Scanner is divided into first scanner (Vscanner1) 3 and second scanner (Vscanner2) 4, first scanner 3 is used for supplying first control signal to the first sweep trace VSCAN1, and second scanner 4 is used for supplying second control signal to the second sweep trace VSCAN2.The clock signal (Vclock1) of first scanner, 3 response definition transmission cycles and moving, so that transmit the starting impulse (Vstart1) of supplying with it from the outside continuously, thereby will supply with the first sweep trace VSCAN1 (i) with order first control signal in the second transmission cycle T2 that is blended among the first transmission cycle T1 at the first transmission cycle T1, in defined transmission cycle, common first transmission cycle T1 and second transmission cycle longer than the first transmission cycle T1 mix in a field.Simultaneously, the response of second scanner 4 (Vscanner2) moves with the clock signal Vclock1 clock signal synchronous Vclock2 of first scanner 3, so that transmit another starting impulse (Vstart2) continuously, thereby order second control signal is supplied with the second sweep trace VSCAN2 (i).The waveform of second control signal is identical with the waveform of starting impulse (Vstart2), and the pulse width of starting impulse equals the time width of second control signal.Here, owing to second scanner 4 along with moving with first scanner, 3 clock signal synchronous, second scanner, 4 sides also are subjected to the influence of the mixing of the first transmission cycle T1 and the second transmission cycle T2, so that the time width of second control signal of definition light period all changes for each pixel column (line).In order to overcome this problem, second scanner 4 disconnects the output of second control signal according to the second transmission cycle T2, thereby regulates light period at the variation that is caused by the mixing of the second transmission cycle T2.

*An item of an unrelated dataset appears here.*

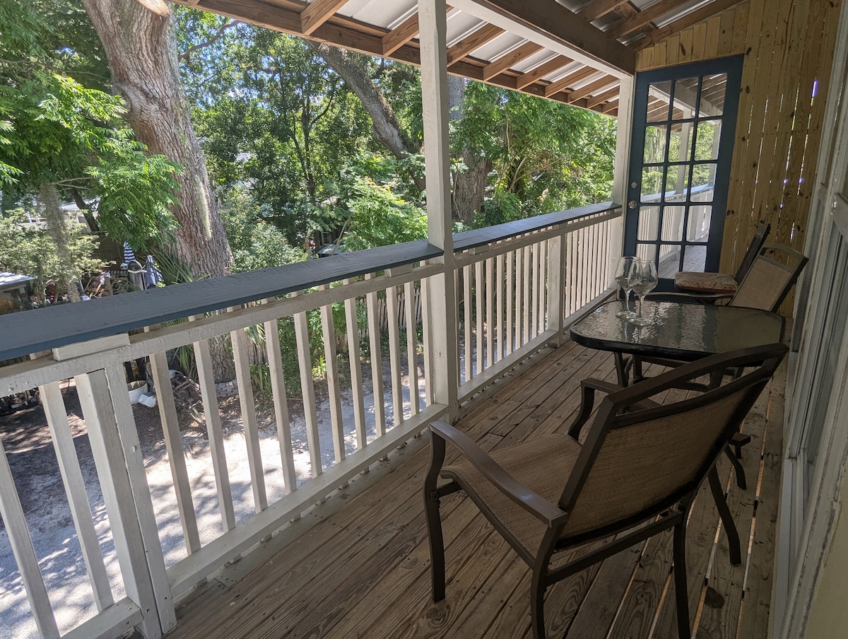Our 600 sq ft apartment offers a private balcony shaded by centuries-old live oaks, alive with birds and squirrels. The view also includes a touch of our neighbor’s eclectic backyard, adding local character. Inside, enjoy a king bed, separate living area, and kitchen. A short 1/2 mile walk brings you to historic downtown St. Augustine.

Preferably, second scanner 4 is controlled to the period that off-state reaches time width T2-T1 with the output of second control signal, and time width T2-T1 equals the first transmission cycle T1 and compares the poor of the second long transmission cycle T2 of the first transmission cycle T1.Preferably, be different from the timing of the timing of the corresponding first sweep trace VSCAN1 (i) output first control signal, second scanner 4 disconnects the output of second control signal of each second sweep trace VSCAN2 (i).In other words, except the timing of sampling image signal on line, second scanner 4 disconnects the output of second control signal.Therefore, prevented that the potential variation (potentialchange) that output by second control signal disconnects in the caused pel array from having a negative impact to the sampling operation of picture signal.Should be noted that second scanner 4 with response clock signal (Vclock2) and second control signal that produces continuously and carry out logical and (AND) from the shielded signal of outside input synchronously, so that disconnect the output of second control signal with clock signal.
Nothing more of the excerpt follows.